Esse método é conhecido como ligadura de trompas e consiste no corte das tubas uterinas, que são dois tubos de aproximadamente 10 centímetros que conduzem os óvulos do ovário ao útero. Suas extremidades são conectadas para impedir que os óvulos e espermatozóides se encontrem e ocorra a fecundação”, explica a médica.
Segundo ela, a laqueadura é de difícil reversão. “Existem cirurgias com a finalidade de reverter, porém nem sempre elas funcionam. Por isso, eu sempre tento desencorajar a paciente”, diz Dra.

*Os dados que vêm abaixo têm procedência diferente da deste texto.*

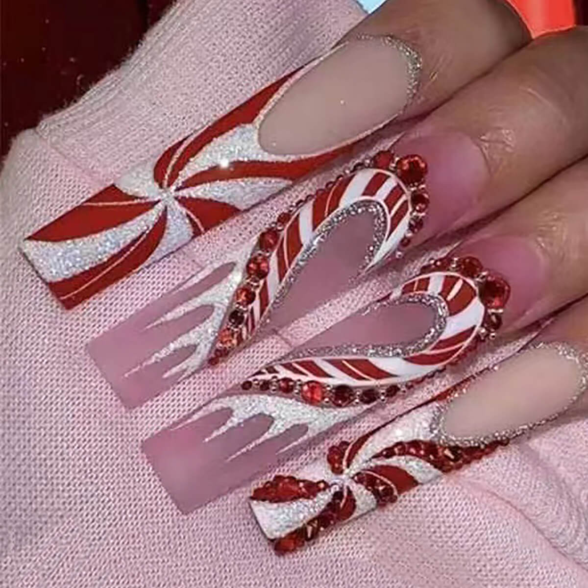 Red Starburst Square Red Rhinestone French Nails

Ana Gabriela, lembrando que há outros métodos tão seguros quanto a laqueadura, que não comprometem o aparelho reprodutivo e que são reversíveis, logo, são mais vantajosos.
Ainda assim, para as mulheres que estão decididas a optar pelo método, ela esclarece que há dois procedimentos utilizados: a minilaparotomia, em que há um pequeno corte no abdômen do qual são aproximadas as tubas uterinas para corte; e a laparoscopia, em que um tubo é inserido no abdômen com uma pequena incisão, permitindo a observação e o corte pelo médico. Vale lembrar que a laqueadura só pode ser realizada depois dos 21 anos e/ou se a mulher tiver dois filhos vivos.
Já a vasectomia é um procedimento simples, que garante a interrupção do vaso deferente e, dessa forma, impede que o espermatozoide chegue até a uretra e seja eliminado na ejaculação. Ela também é considerada definitiva, e em alguns casos, pode ser revertida. É um procedimento rápido e não há necessidade de internação.
Assim como a laqueadura, eu não costumo recomendar esse método porque a reversão pode não ser possível”, afirma a especialista. Ela ressalta também que o procedimento só pode ser realizado depois dos 21 anos, ou se o homem já tiver dois filhos vivos.
Dra. Ana Gabriela alerta ainda que a maior taxa de sucesso é conseguida quando a reversão é feita antes dos primeiros 10 anos de cirurgia. “E uma última informação importante é que cirurgia de reversão é mais complicada que a própria vasectomia“, conclui ela.